Top of EXTRACTED INFORMATION

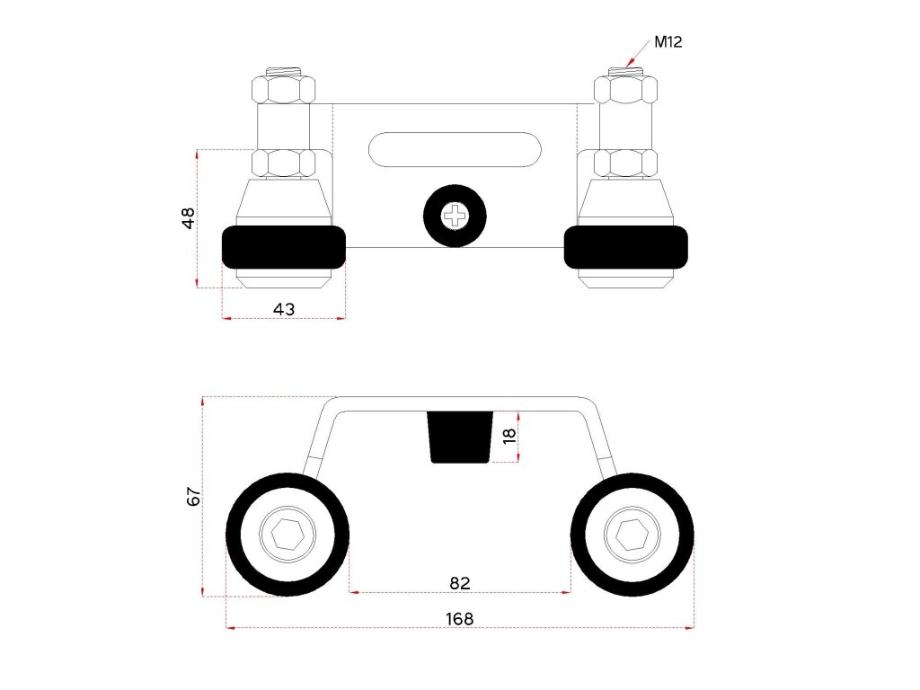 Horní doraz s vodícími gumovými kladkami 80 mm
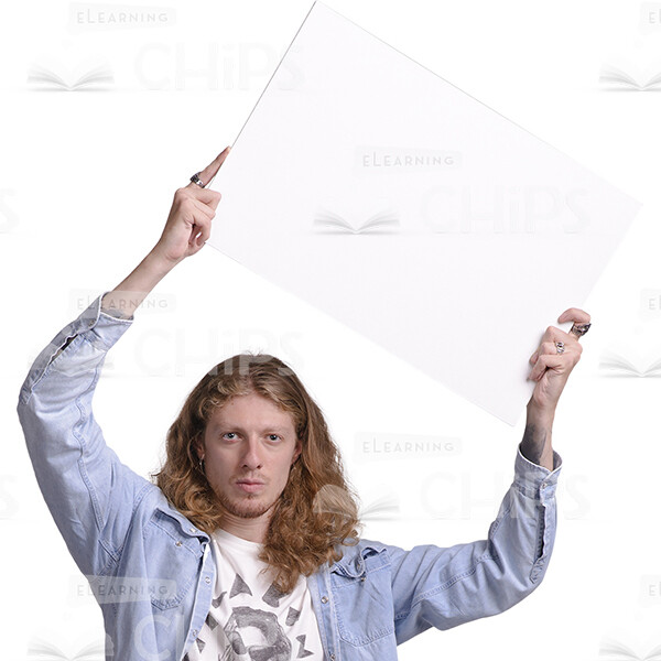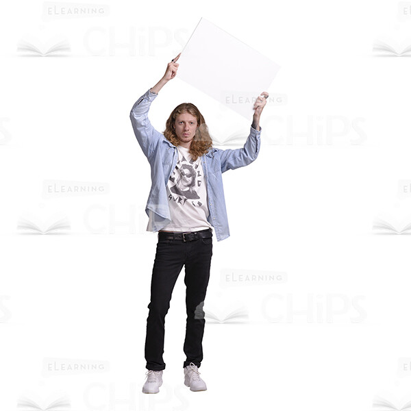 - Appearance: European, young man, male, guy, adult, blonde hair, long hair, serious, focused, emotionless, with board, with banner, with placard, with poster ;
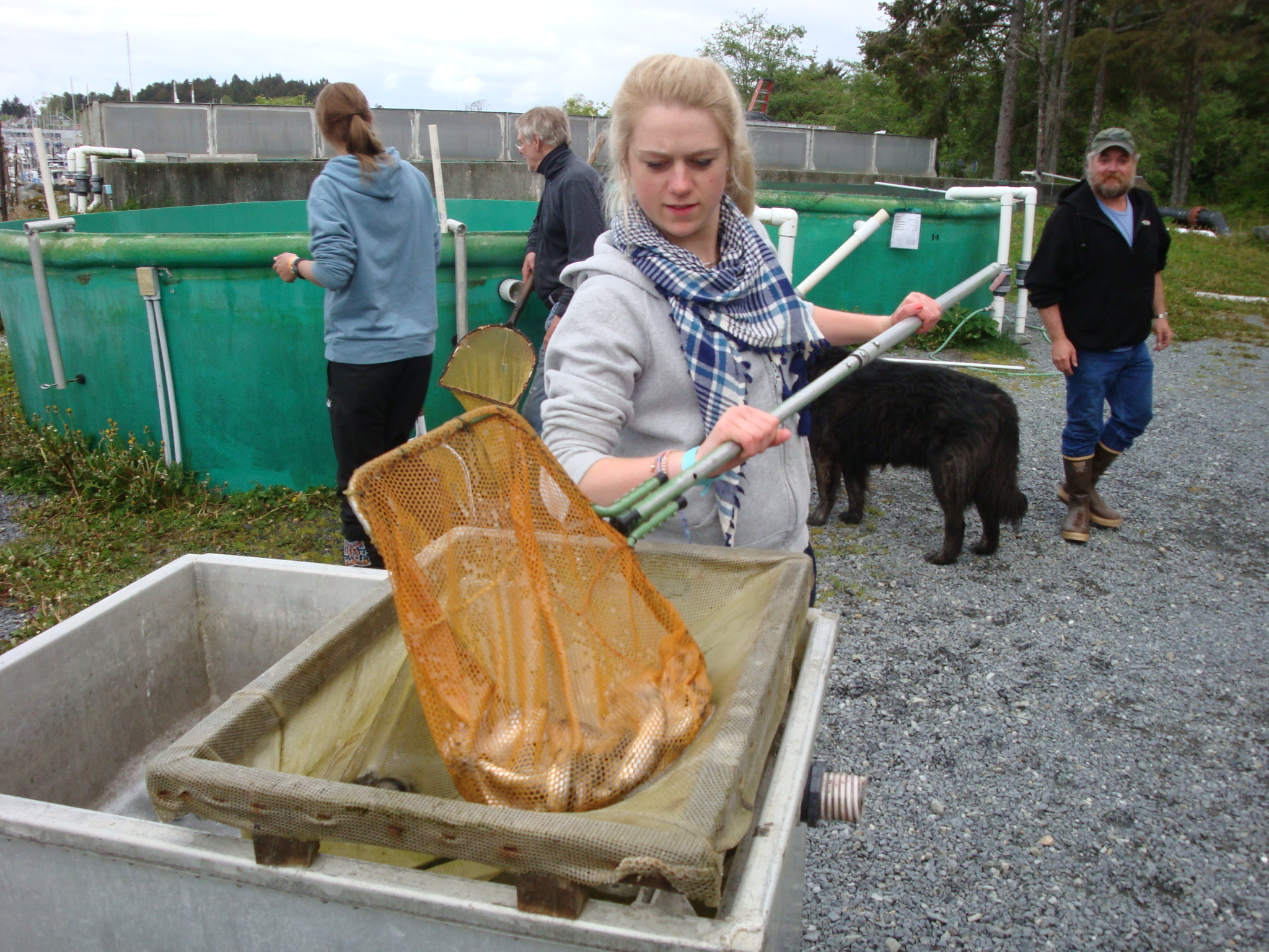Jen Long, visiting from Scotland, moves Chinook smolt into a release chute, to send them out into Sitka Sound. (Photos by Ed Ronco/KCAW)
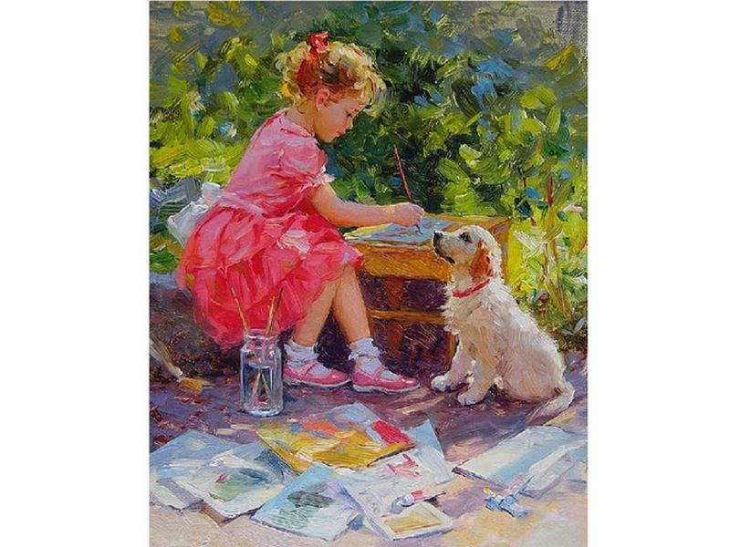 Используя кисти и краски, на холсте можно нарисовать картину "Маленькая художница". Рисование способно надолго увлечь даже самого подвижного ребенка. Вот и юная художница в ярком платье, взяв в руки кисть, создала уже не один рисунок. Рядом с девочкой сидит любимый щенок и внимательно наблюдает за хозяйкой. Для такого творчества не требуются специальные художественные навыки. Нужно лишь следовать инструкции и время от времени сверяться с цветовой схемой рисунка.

Bottom of EXTRACTED INFORMATION
Top of EXTRACTED INFORMATION

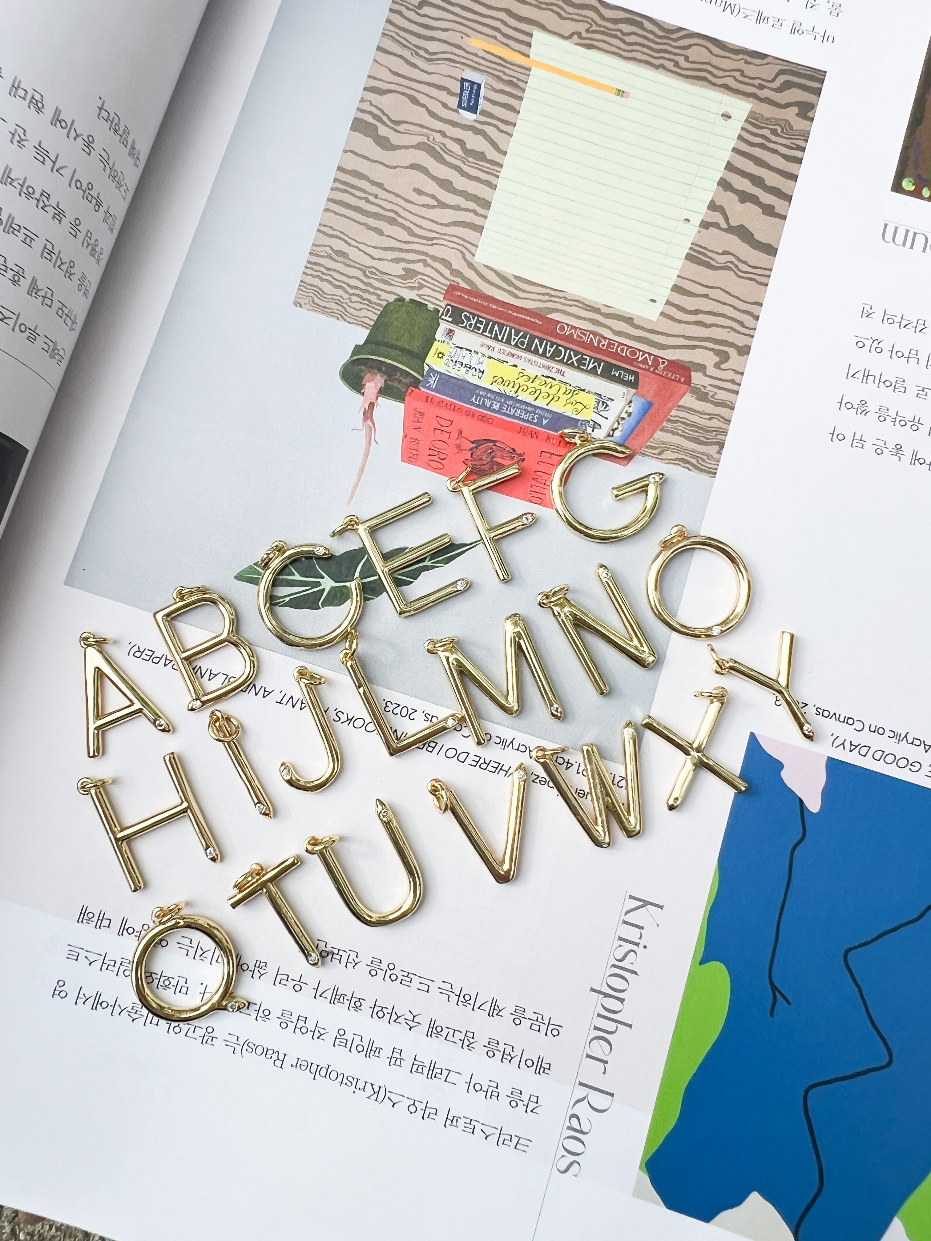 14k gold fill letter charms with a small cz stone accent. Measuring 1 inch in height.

Bottom of EXTRACTED INFORMATION

# [WORK ITEM]
Of the lines above, copy only those from the one holding "Horní doraz s" to the one holding "- Appearance: European, young", both included, and exclude every image.

# [ANSWER BOX]
 Horní doraz s vodícími gumovými kladkami 80 mm
 - Appearance: European, young man, male, guy, adult, blonde hair, long hair, serious, focused, emotionless, with board, with banner, with placard, with poster ;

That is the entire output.